Reputation: 509
I am trying to extract all the noun phrases from French sentences using Spacy. My code appears not to be working well in all the cases I tried. For example,
nlp = spacy.load("fr_core_news_sm")
doc = nlp("Il y a plusieurs petits restaurants dans cette ville.")
for chunk in doc.noun_chunks:
print(chunk)
returns
[Il y a plusieurs petits restaurants dans cette ville.]
as the noun phrase, this appears to be incorrect as the noun phrase here is petits restaurants dans cette ville
.
When I tried other sets of phrases, such as J'ai trouvé une jolie petite chambre.
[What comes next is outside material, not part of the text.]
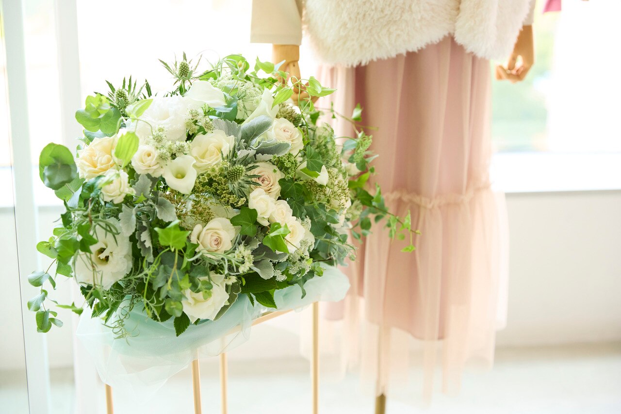 ふんわりドラマティックなフレアワンピースはバックスタイルが大振りのリボンデザイン。ブラウスのパフスリーブと合わせて、女性らしいスタイリングが楽しめる。

, it returned 3 phrases, [J' , une jolie, petite chambre]
which seems not to be correct also
Lastly, with Les deux dernières semaines, il était à Paris..
it returned [Les deux dernières semaines, il]
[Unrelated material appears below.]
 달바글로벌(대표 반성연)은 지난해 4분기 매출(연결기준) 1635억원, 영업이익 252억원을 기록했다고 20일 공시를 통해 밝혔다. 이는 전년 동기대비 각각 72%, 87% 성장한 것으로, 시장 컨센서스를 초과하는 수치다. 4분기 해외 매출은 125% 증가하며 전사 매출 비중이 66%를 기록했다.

which appears to be correct.
I would appreciate any help or guidance on how to ensure the code works correctly for the first two examples also.
Upvotes: 0
Views: 447
Reputation: 2126
First try updating your version of SpaCy
pip install spacy --upgrade
Change your model from small fr_core_news_sm
to a larger one such as fr_core_news_lg
To install:
-python -m spacy download fr_core_news_lg
or directly pip install from SpaCy's model repository e.g.
pip install https://github.com/explosion/spacy-models/releases/download/fr_core_news_lg-2.3.0/fr_core_news_lg-2.3.0.tar.gz
Larger models typically have better accuracy on most NLP tasks.
Upvotes: 1